Кусочки этой непонятной мозаики Октябрева выкрасила в разные тошнотворные цвета. Притом сделано это было карандашами, хотя в пояснительной записке Тимофея Потребенько говорилось, что рисовала учительница пером (эта фраза была даже несколько раз подчеркнута. Видимо, для третьеклассника это был еще один странный факт). Но следов чернил на бумаге не оказалось.
Цвета между собой тоже не сочетались. Инюшкин бы сказал, что они противоречат друг другу, хотя подобное утверждение совсем не подходило к рисунку.
Если бы преподавателя спросили, какое впечатление у него вызывает эта снежинка, он бы не задумываясь сказал, что она больна. Или мутировала. Яркие пятна краски расползались по листу замершими червяками. Смотреть на них было неприятно.
Дмитрий Николаевич не мог сказать, как долго он разглядывал странный рисунок Инессы Октябревой. Изображение затягивало и отталкивало одновременно, совершенно искажая не только чувство времени, но и все остальные ощущения. В конце концов у Инюшкина начала кружиться голова, а виски сдавило тисками. Ему пришлось зажмуриться и приложить усилие, чтобы опустить руку с изображением.
– Чертовщина какая-то, – пробурчал он, морщась от резкой головной боли.

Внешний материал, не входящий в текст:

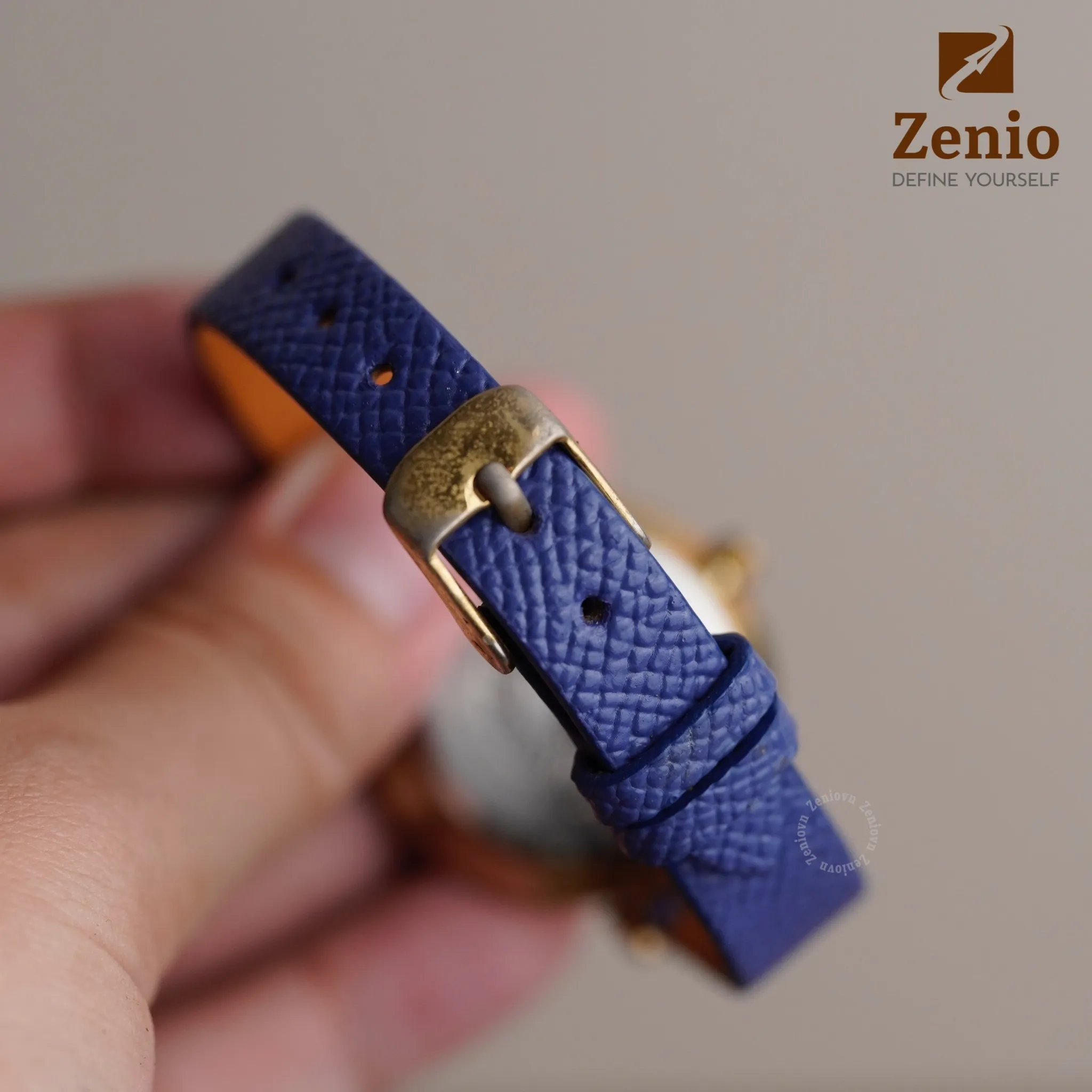 Zenio sử dụng các loại da như da cá sấu Alligator, Crocodile, Da Kỳ Đà, Da Đà Điểu, Da Epsom, Da Togo, Nubuck, Pueblo... Tại Zenio, các nghệ nhân của chúng tôi sử dụng da cao cấp từ nhiều nguồn khác nhau, với hơn 70 màu sắc và chất liệu khác nhau để chế tạo dây đeo đồng hồ thủ công tinh xảo. Chúng tôi cam kết sử dụng nguyên liệu có nguồn gốc minh bạch, có nguồn gốc từ các nhà cung cấp uy tín, đảm bảo khách hàng nhận được những sản phẩm chất lượng cao nhất và độc đáo nhất, trong đó có xưởng thuộc da Heng Long (Thuộc LVMH) danh tiếng, HCP.

Однако последний взгляд, брошенный на рисунок, натолкнул его на одну догадку, которую необходимо было проверить. Как-то уж очень ворсисто выглядели «лапки» этой снежинки. И ворсинки эти как раз не казались бессистемными – в отличие от общего вида картинки.
– Нужна лупа.
Дмитрий Николаевич собрался подойти к Марковой и спросить, нет ли у нее увеличительного стекла, но, когда уже сделал шаг, мир вокруг мигнул и на него накатила тошнота. Приступ был таким сильным и внезапным, что Инюшкину пришлось замереть на месте и несколько раз сглотнуть, чтобы его не вырвало прямо на пол библиотеки.
– Да… что… же… такое… происходит? – После каждого слова учитель вынужден был резко втягивать воздух, подавляя рвотные позывы. Так плохо ему еще никогда не было. И самым неприятным в этом неожиданном недомогании была его полная необъяснимость. – Может, пылью надышался…

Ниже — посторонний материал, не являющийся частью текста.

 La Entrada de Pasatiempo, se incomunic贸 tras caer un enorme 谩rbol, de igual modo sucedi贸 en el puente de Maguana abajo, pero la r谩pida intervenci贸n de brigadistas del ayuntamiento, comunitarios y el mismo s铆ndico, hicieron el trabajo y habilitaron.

Успокоив себя этой логичной, в общем-то, мыслью, Дмитрий Николаевич подошел к столу библиотекаря. Она сидела, раскладывая формуляры, и тихонечко напевала под едва слышные звуки, доносящиеся из радиоприемника:
– Зима, холода, одинокие дома. Моря, города, все как будто изо льда…
– Ольга Николаевна, – позвал слабым голосом Инюшкин.
Маркова вздрогнула и выронила очередной формуляр.
– Ох! Ну вы меня и напугали, Дмитрий Николаевич, – нервно хихикнула женщина. – Подкрались, как привидение прямо.
– Простите. Я не хотел.
– Да что уж…
– Ольга Николаевна, а у вас лупы случайно нет? Мне тут надо кое-что рассмотреть получше.
– Да-да. Где-то была. Сейчас.
Библиотекарь стала открывать ящики стола, ворошить там бумаги и всякие канцелярские мелочи и наконец извлекла складную лупу в черной пластиковой оправе и со складной ручкой.
– Вот, держите. – Маркова усмехнулась и как-то особенно пристально взглянула на своего собеседника. – Этой лупе лет, наверное, больше, чем мне. От предшественницы досталась… Дмитрий Николаевич, что-то вы очень бледный. Вы себя хорошо чувствуете?
Инюшкин протянул чуть подрагивающую руку и взял лупу:
– Спасибо… Да меня что-то мутить начало пару минут назад, видно пылью в кладовке надышался. Но ничего страшного. Не переживайте.
– Вы поаккуратнее. Мало ли какая там зараза могла за столько лет поселиться.
– Конечно-конечно…
Библиотекарь хотела сказать что-то еще, но заметила, что Инюшкин ее уже не слушает, погрузившись в свои мысли. При этом взгляд у него был какой-то лихорадочный и напряженный.